Amazon fined for 'excessive' surveillance of workers

Amazon fined for ‘excessive’ surveillance of workers

Amazon has been fined €32m (£27m) in France for “excessive” surveillance of its workers, including measures the data watchdog found to be illegal.

The CNIL said Amazon France Logistique, which manages warehouses, recorded data captured by workers’ handheld scanners.

It found Amazon tracked activity so precisely, it led to workers having to potentially justify each break.

This, the CNIL said, was illegal while it also questioned why Amazon needed to keep workers’ data for 31 days.

France’s data protection agency investigated Amazon warehouses following complaints by employees as well as media coverage of conditions.

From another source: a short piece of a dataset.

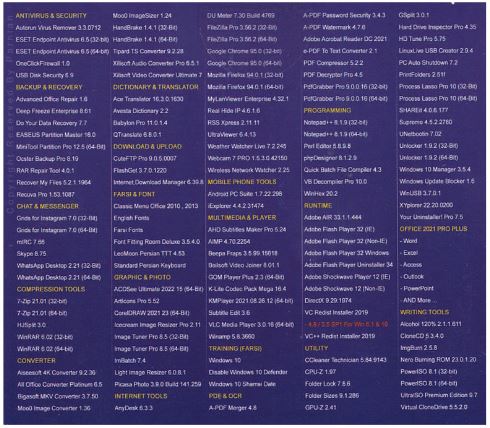 شامل نسخه نهایی برنامه های کاربردی و عمومی از قبیل آنتی ویروس و فشرده سازی و مدیریت دانلود منیجر و آفیس و فتوشاپ و پی دی اف و دیکشرنی و ...... می باشد

It outlined a number of areas where it found Amazon had breached General Data Protection Regulation (GDPR).

This included a system with three alerts in place to monitor employee activity, which the CNIL ruled to be illegal.

One alert triggered if an item was scanned too quickly or less than 1.25 seconds after scanning a previous item.

Another signalled breaks of 10 minutes or more, while a third tracked breaks between one and 10 minutes.

The CNIL said Amazon already had access to lots of data to achieve quality and safety in its warehouses, and called the system “excessively intrusive”. It also noted that tracking employees so closely could lead to them having to justify even a brief interruption of scanning.

Amazon also used data collected by the scanner to plan work in its warehouses, evaluate employees on a weekly basis and train them. The watchdog ruled Amazon did not need access to the smallest details of data collected by the scanners to do so.

The online shopping giant was fined for not properly informing workers and external visitors about surveillance, with the watchdog also found to have had insufficient security on its video surveillance.

Reacting to the ruling, the GMB union which represents Amazon’s UK warehouse workers, said the company’s staff were facing “bruising levels of scrutiny and surveillance”.

The BBC has approached Amazon for comment.